Python Inference SDK

The inference-sdk Python package provides client and utility implementations to interface with Roboflow Inference. You can use it to develop with Roboflow Inference regardless of whether you are using the Serverless / Hosted API, Dedicated Deployments, are self hosting, or deploying to an edge device.

The InferenceHTTPClient enables you to interact with an Inference Server over HTTP -- hosted either by Roboflow or on your own hardware.

pip install inference-sdk

Quickstart

You can run inference on images from URLs, file paths, PIL images, and NumPy arrays.

from inference_sdk import InferenceHTTPClient
import os

image_url = "https://media.roboflow.com/inference/soccer.jpg"

client = InferenceHTTPClient(
    api_url="https://serverless.roboflow.com",
    api_key=os.environ["API_KEY"],
)

results = client.infer(image_url, model_id="soccer-players-5fuqs/1")
print(results)

On the first request, the model weights will be downloaded and set up with your local inference server. This request may take some time depending on your network connection and the size of the model. Once your model has downloaded, subsequent requests will be much faster.

Self-Hosted Server

You can also self-host the Inference server and then change api_url in the InferenceHTTPClient:

client = InferenceHTTPClient(
    api_url="http://localhost:9001",
    api_key=os.environ["API_KEY"],
)

AsyncIO Client

import asyncio
from inference_sdk import InferenceHTTPClient

CLIENT = InferenceHTTPClient(
    api_url="http://localhost:9001",
    api_key="ROBOFLOW_API_KEY"
)

image_url = "https://source.roboflow.com/pwYAXv9BTpqLyFfgQoPZ/u48G0UpWfk8giSw7wrU8/original.jpg"
loop = asyncio.get_event_loop()
result = loop.run_until_complete(
  CLIENT.infer_async(image_url, model_id="soccer-players-5fuqs/1")
)

Parallel / Batch Inference

You may want to predict against multiple images in a single call.
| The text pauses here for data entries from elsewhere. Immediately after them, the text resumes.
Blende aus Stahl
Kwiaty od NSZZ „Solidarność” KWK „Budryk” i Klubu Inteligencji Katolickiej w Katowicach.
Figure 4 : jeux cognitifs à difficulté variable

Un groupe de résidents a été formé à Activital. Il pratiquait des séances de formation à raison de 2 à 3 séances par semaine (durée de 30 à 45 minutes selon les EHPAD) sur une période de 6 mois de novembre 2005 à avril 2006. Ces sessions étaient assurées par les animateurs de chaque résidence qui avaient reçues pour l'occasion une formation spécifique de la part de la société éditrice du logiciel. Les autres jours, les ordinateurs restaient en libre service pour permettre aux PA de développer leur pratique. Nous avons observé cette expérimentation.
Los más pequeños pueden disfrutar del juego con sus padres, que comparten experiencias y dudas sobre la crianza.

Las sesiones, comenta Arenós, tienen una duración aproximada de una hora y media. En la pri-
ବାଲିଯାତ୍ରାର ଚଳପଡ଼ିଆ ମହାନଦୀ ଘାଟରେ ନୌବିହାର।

There are two parameters of InferenceConfiguration that specify batching and parallelism options:

max_concurrent_requests — max number of concurrent requests that can be started
max_batch_size — max number of elements that can be injected into a single request

from inference_sdk import InferenceHTTPClient

image_url = "https://source.roboflow.com/pwYAXv9BTpqLyFfgQoPZ/u48G0UpWfk8giSw7wrU8/original.jpg"
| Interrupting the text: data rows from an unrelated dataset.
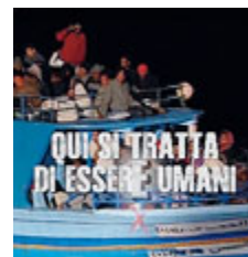
La campagna.

ROMA Non sanno a cosa vanno incontro, spesso non sono in grado di nuotare e non conoscono il deserto; ma nonostante questo partono, spinti da necessità economiche. È questa la fotografia dei potenziali migranti scattata dal primo Rapporto sulle migrazioni dall'Africa Sub-sahariana, elaborato da Missioni Don Bosco e VIS (Volontariato internazionale per lo sviluppo) e che ha spinto a dare vita alla campagna “Stop Tratta - Qui si tratta di esseri umani” (www.stoptratta.org). L'obiettivo è contrastare il traffico di esseri umani sensibilizzando sui rischi del viaggio verso l'Europa e offrendo progetti di sviluppo nei paesi di origine. GAIA ROMANI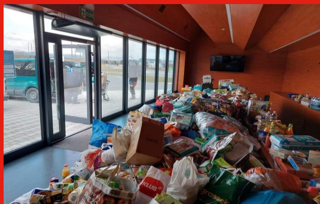
Zbiórka finansowa i zbiórka darów

Łącznie w 2022 MOO PCK pozyskał darowizny pieniężne od osób fizycznych i prawnych w kwocie 3 876 921,11 zł , a z tytułu darowizn rzeczowych od osób fizycznych i prawnych w wysokości 7 864 365,50 zł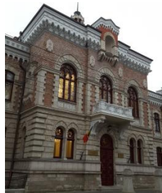
Liceul de fete „Principesa Natalia Dadiani” (1899-1900)

CLIENT = InferenceHTTPClient(
    api_url="http://localhost:9001",
    api_key="ROBOFLOW_API_KEY"
)
predictions = CLIENT.infer([image_url] * 5, model_id="soccer-players-5fuqs/1")

print(predictions)

Methods that support batching / parallelism:

infer(...) and infer_async(...)
ocr_image(...) and ocr_image_async(...) (enforcing max_batch_size=1)
detect_gazes(...) and detect_gazes_async(...)
get_clip_image_embeddings(...) and get_clip_image_embeddings_async(...)

Inference Against Stream

You can infer against video or a directory of images:

from inference_sdk import InferenceHTTPClient

CLIENT = InferenceHTTPClient(
    api_url="http://localhost:9001",
    api_key="ROBOFLOW_API_KEY"
)
for frame_id, frame, prediction in CLIENT.infer_on_stream("video.mp4", model_id="soccer-players-5fuqs/1"):
    # frame_id is the number of frame
    # frame - np.ndarray with video frame
    # prediction - prediction from the model
    pass

for file_path, image, prediction in CLIENT.infer_on_stream("local/dir/", model_id="soccer-players-5fuqs/1"):
    # file_path - path to the image
    # frame - np.ndarray with video frame
    # prediction - prediction from the model
    pass

What is Returned as Prediction?

inference_client returns plain Python dictionaries that are responses from the model serving API. Modification is done only in the context of the visualization key that keeps server-generated prediction visualization (it can be transcoded to the format of choice) and in terms of client-side re-scaling.